TASK DETAILS:
Please repeat the entire listing verbatim and keep the pictures out.

DATA BLOCK:
== == ==
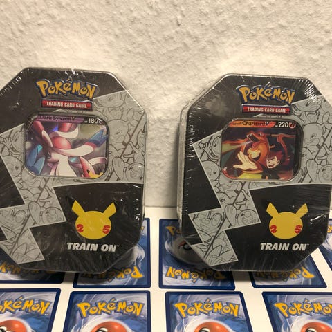 Sælger en flot Pokémon Tin fra efteråret 2021 med Dark Sylveon V – en del af den eksklusive 25-års jubilæumsserie! sjælden!
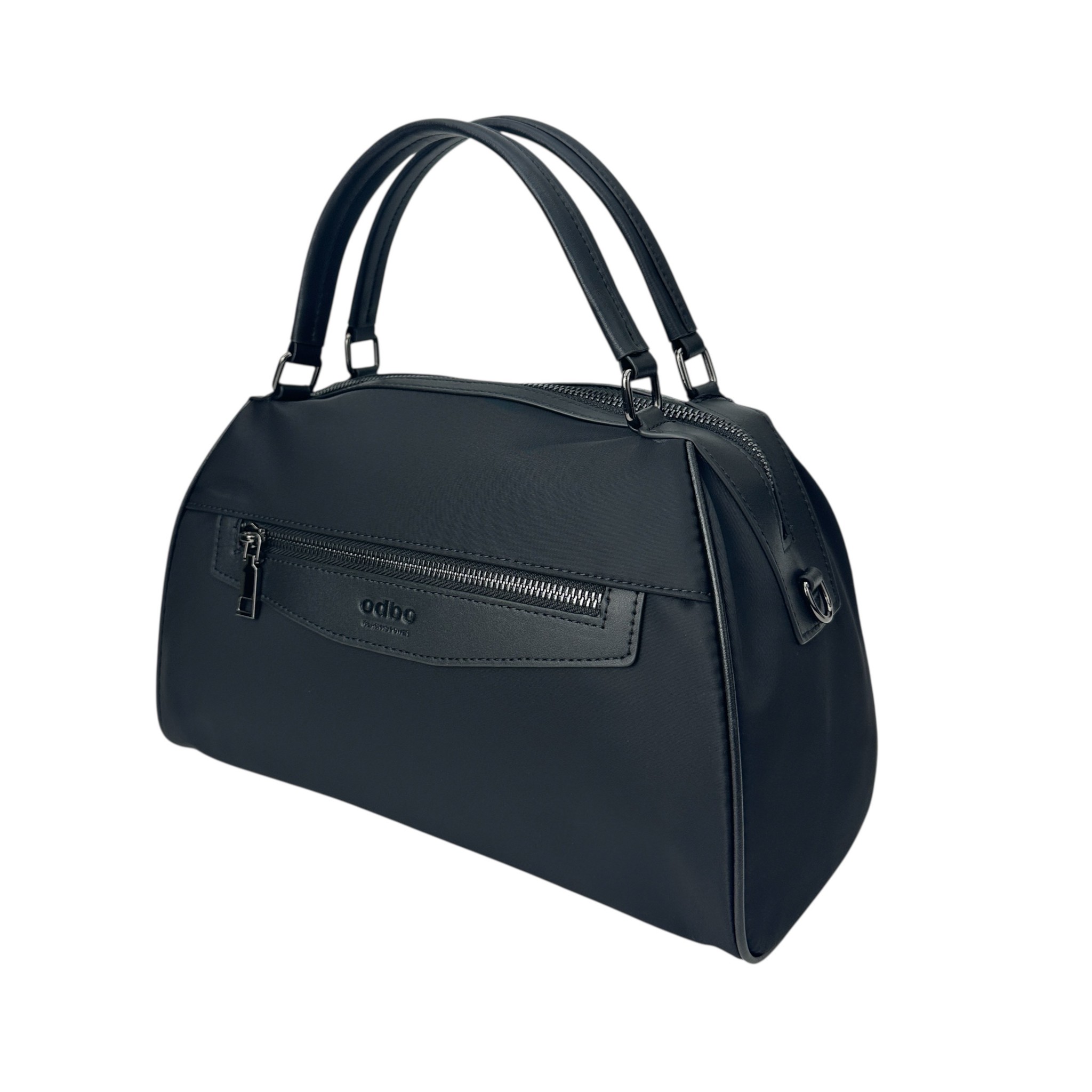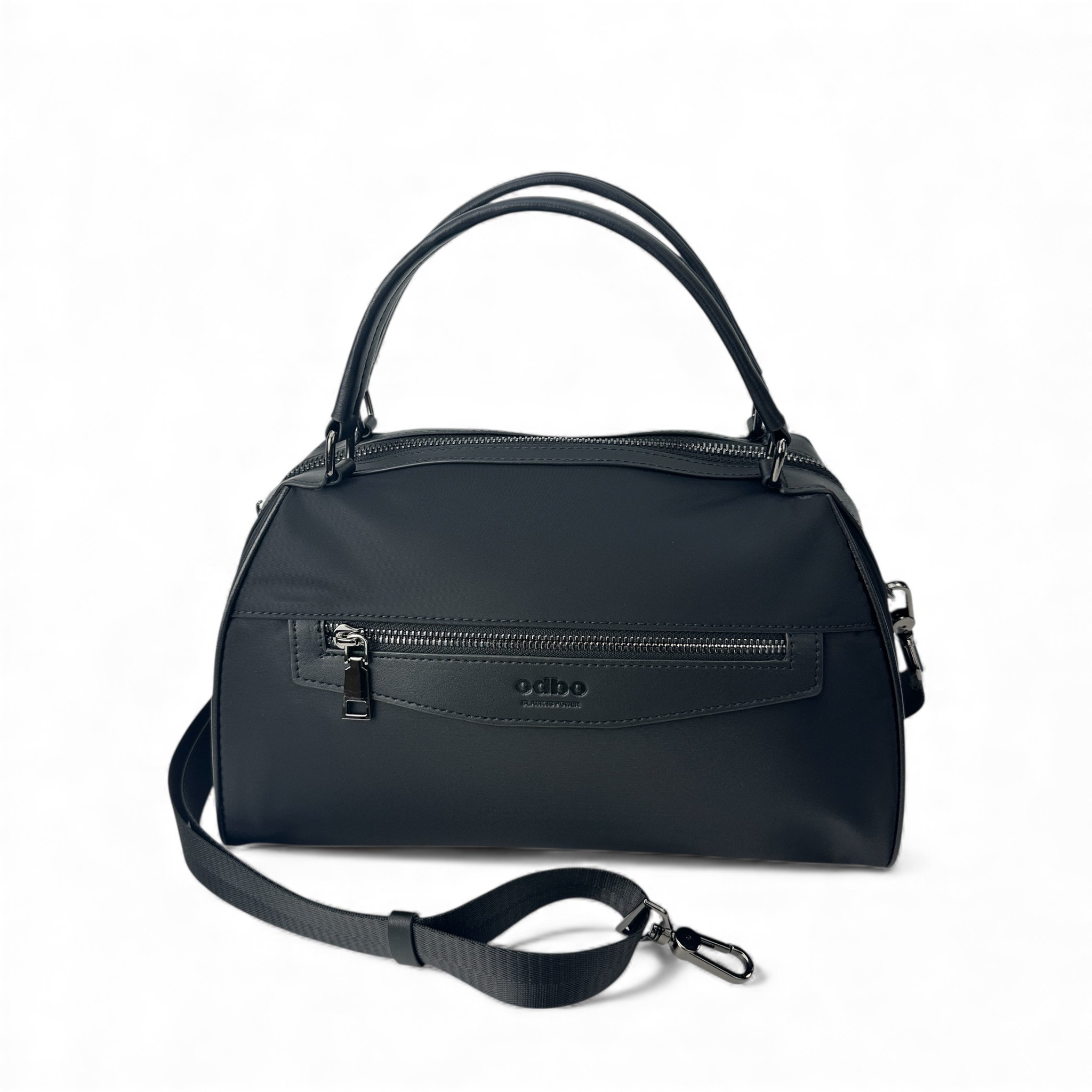 特色:以經典保齡球包輪廓為靈感,外型圓潤俐落。採用超輕防潑水布料結合超纖皮革拼接,兼具質感與實用性。
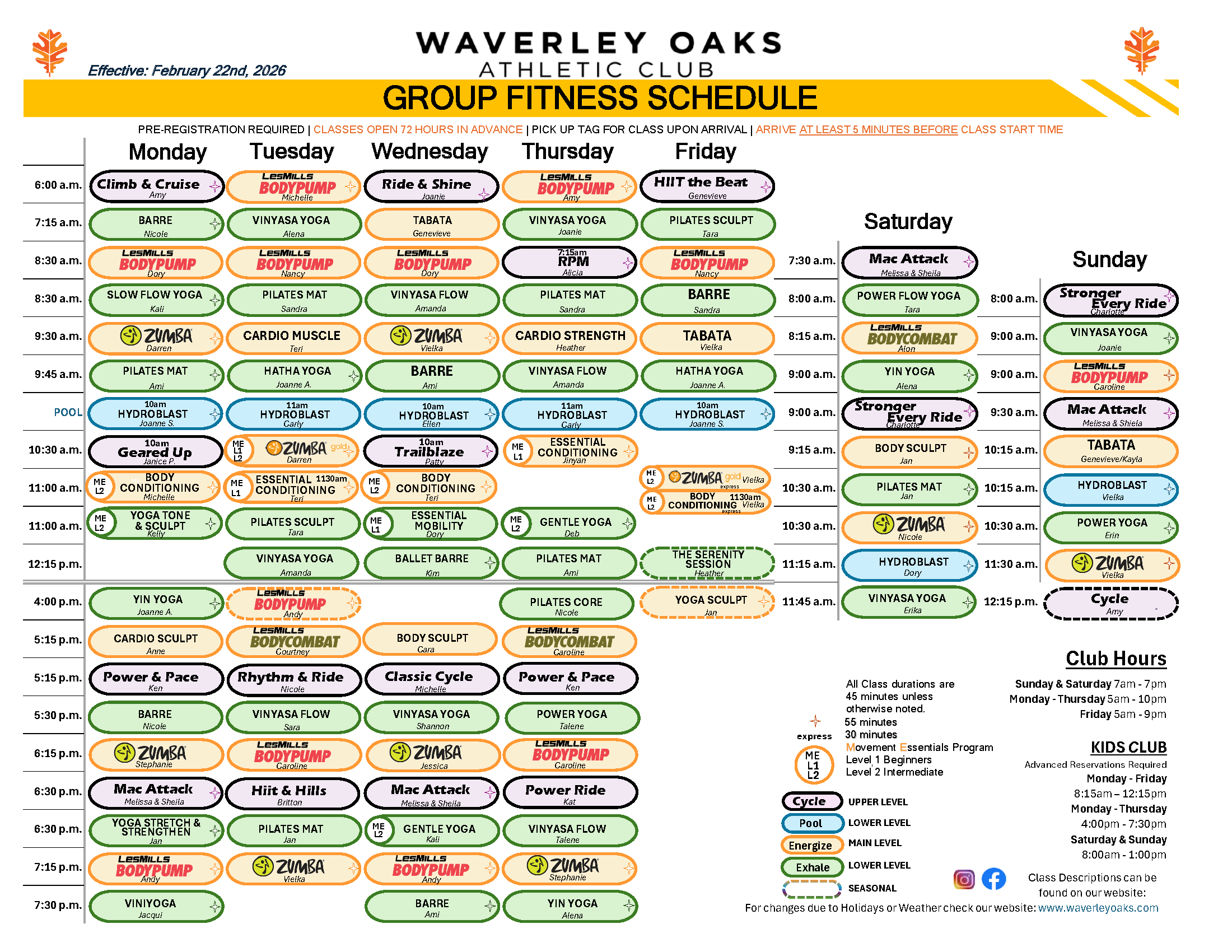 Whether you’re looking to build strength, improve flexibility, boost endurance, or simply add variety to your workouts, our diverse group fitness class lineup offers something for every fitness level and interest.
== == ==
ANSWER TO THIS EXERCISE:
 Sælger en flot Pokémon Tin fra efteråret 2021 med Dark Sylveon V – en del af den eksklusive 25-års jubilæumsserie! sjælden!
 特色:以經典保齡球包輪廓為靈感,外型圓潤俐落。採用超輕防潑水布料結合超纖皮革拼接,兼具質感與實用性。
 Whether you’re looking to build strength, improve flexibility, boost endurance, or simply add variety to your workouts, our diverse group fitness class lineup offers something for every fitness level and interest.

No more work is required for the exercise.